何が完了したか。何を先送りしたか。何がまだ不確かか。それだけだ。

黙って飛ばしたものがあるなら「完了」は誤りだ。skip されたテスト、pending のまま置かれたテスト、中身を抜かれたテストが一つでもあるなら「テストは通った」も誤りだ。正直な報告は形が整わない。でも読み手は、示された疑いには手を打てる。誰も口にしなかった穴には、何もできない。

正直な但し書き

代償は実在する。一巡ごとに、あのブロックを書くところから始まる。小さな用事では儀式めいて感じる。だから逃げ道を三つ残した。読み取りだけのターンはそもそも免除。スラッシュで呼んだスキルには外側のゲートを重ねない(呼んだこと自体が許可だ)。そして「とりあえずやって」の一言で、セッション中はゲートを下ろせる。
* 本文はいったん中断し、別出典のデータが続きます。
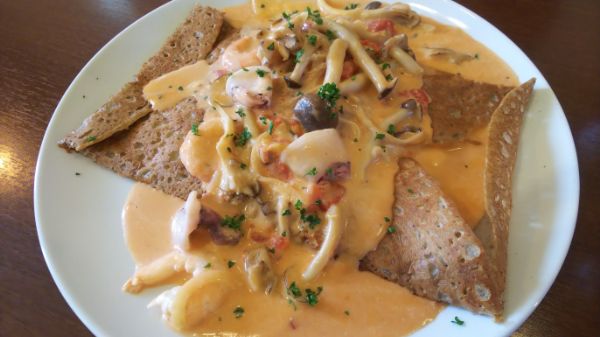 チーズとたまごガレット&信州きのこと魚介の濃厚トマトクリーム 1220円

もっと正直に言うべきはこっちだ。モデルが八段すべてを守りきる保証は、私には出せない。毎ターンの注入は忘れにくくするだけだ。忘れないようにするものじゃない。だから次にやることはルールを増やすことじゃない。どれだけ守られているかを測ることだ。それは別の記事になる。

一行で締める

ゲートは一つに畳む。情報がいちばん揃った瞬間に、人が一度だけうなずく。残る七つは規律に委ねる。その規律は記憶に頼らず、毎ターン注入し直す。それでもなお生じるずれ——それは後ろへ戻る三本の辺が引き戻す。